[Items listed in a dataset]
•••••

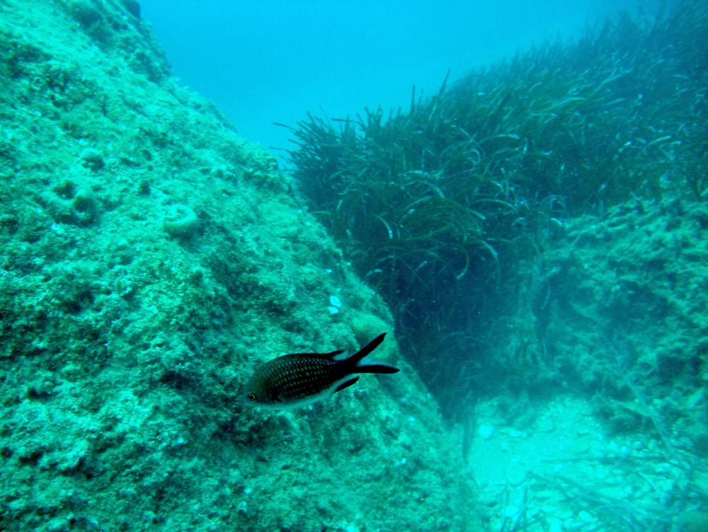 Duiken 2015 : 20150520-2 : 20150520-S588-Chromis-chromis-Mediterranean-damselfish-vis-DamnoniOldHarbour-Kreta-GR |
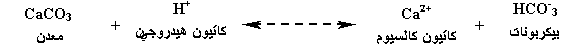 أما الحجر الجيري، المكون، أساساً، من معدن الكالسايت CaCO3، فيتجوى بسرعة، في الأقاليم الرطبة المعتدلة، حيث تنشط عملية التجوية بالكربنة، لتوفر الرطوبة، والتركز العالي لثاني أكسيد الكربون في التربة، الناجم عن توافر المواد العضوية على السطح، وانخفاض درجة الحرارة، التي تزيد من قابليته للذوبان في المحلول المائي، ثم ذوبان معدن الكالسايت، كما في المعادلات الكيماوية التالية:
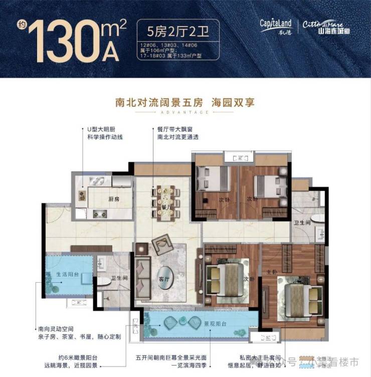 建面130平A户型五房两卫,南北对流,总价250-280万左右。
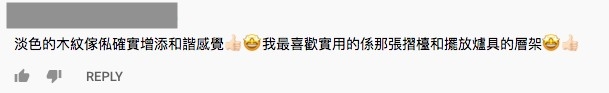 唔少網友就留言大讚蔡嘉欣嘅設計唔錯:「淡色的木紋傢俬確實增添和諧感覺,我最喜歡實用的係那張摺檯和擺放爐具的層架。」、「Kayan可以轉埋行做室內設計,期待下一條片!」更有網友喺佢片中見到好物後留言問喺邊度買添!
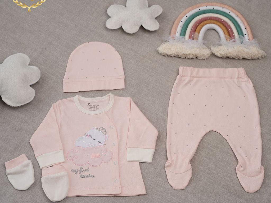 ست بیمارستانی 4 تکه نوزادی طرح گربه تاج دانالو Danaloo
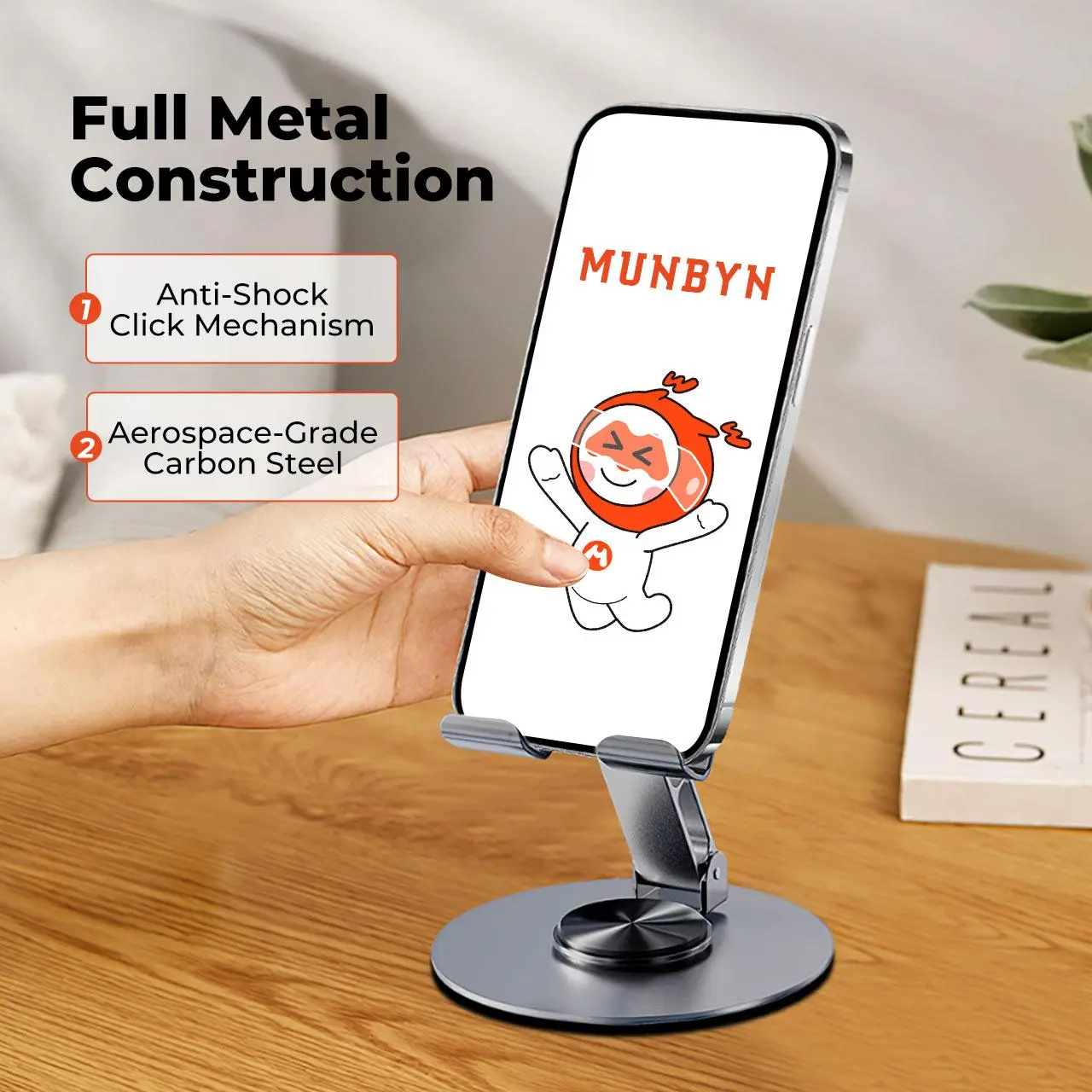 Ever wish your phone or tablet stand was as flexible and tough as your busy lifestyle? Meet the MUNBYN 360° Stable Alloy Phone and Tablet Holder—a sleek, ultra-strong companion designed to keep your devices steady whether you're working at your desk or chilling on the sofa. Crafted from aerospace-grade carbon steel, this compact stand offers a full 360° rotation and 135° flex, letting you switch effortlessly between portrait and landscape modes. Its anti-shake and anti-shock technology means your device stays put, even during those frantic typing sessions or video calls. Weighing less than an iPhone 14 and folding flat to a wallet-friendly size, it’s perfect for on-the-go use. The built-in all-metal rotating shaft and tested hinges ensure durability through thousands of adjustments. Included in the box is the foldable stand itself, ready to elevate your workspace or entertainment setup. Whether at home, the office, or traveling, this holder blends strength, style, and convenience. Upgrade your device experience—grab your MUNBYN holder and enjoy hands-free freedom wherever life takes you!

•••••

### Assigned task
Using the data above, give again exactly the lines starting at the one holding "建面130平A户型五房两卫,南北对流,总价250-280万左右。" and ending at the one holding "ست بیمارستانی 4", inclusive, and nothing more. Omit the pictures.

### Answer section
 建面130平A户型五房两卫,南北对流,总价250-280万左右。
 唔少網友就留言大讚蔡嘉欣嘅設計唔錯:「淡色的木紋傢俬確實增添和諧感覺,我最喜歡實用的係那張摺檯和擺放爐具的層架。」、「Kayan可以轉埋行做室內設計,期待下一條片!」更有網友喺佢片中見到好物後留言問喺邊度買添!
 ست بیمارستانی 4 تکه نوزادی طرح گربه تاج دانالو Danaloo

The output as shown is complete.